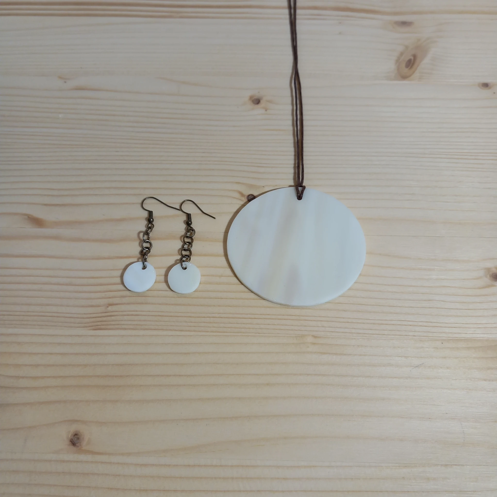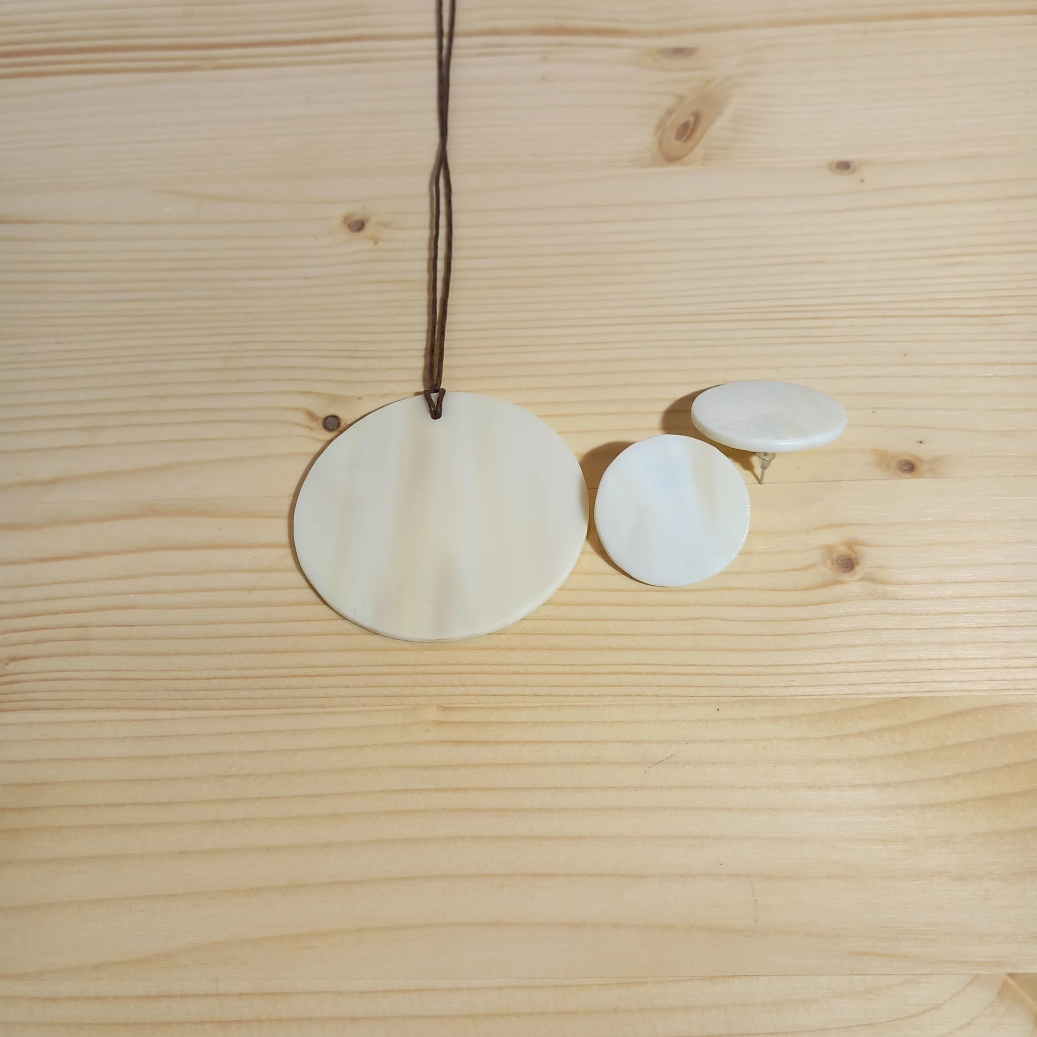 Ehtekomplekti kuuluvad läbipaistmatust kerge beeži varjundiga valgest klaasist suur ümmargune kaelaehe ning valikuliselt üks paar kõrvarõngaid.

==

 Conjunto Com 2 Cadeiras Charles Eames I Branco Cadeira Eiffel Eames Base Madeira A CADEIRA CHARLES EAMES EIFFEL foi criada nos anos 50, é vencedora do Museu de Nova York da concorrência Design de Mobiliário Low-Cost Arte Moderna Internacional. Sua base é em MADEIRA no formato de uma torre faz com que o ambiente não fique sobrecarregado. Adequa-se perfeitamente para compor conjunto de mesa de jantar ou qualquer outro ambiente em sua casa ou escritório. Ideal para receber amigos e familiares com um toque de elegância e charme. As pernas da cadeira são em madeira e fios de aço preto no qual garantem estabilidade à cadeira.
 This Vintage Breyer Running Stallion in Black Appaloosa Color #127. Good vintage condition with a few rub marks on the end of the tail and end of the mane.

### Exercise:
Only the lines from the one containing "Conjunto Com 2" through the one containing "This Vintage Breyer" are to be retyped, both boundary lines included, with no other material.

### Result:
 Conjunto Com 2 Cadeiras Charles Eames I Branco Cadeira Eiffel Eames Base Madeira A CADEIRA CHARLES EAMES EIFFEL foi criada nos anos 50, é vencedora do Museu de Nova York da concorrência Design de Mobiliário Low-Cost Arte Moderna Internacional. Sua base é em MADEIRA no formato de uma torre faz com que o ambiente não fique sobrecarregado. Adequa-se perfeitamente para compor conjunto de mesa de jantar ou qualquer outro ambiente em sua casa ou escritório. Ideal para receber amigos e familiares com um toque de elegância e charme. As pernas da cadeira são em madeira e fios de aço preto no qual garantem estabilidade à cadeira.
 This Vintage Breyer Running Stallion in Black Appaloosa Color #127. Good vintage condition with a few rub marks on the end of the tail and end of the mane.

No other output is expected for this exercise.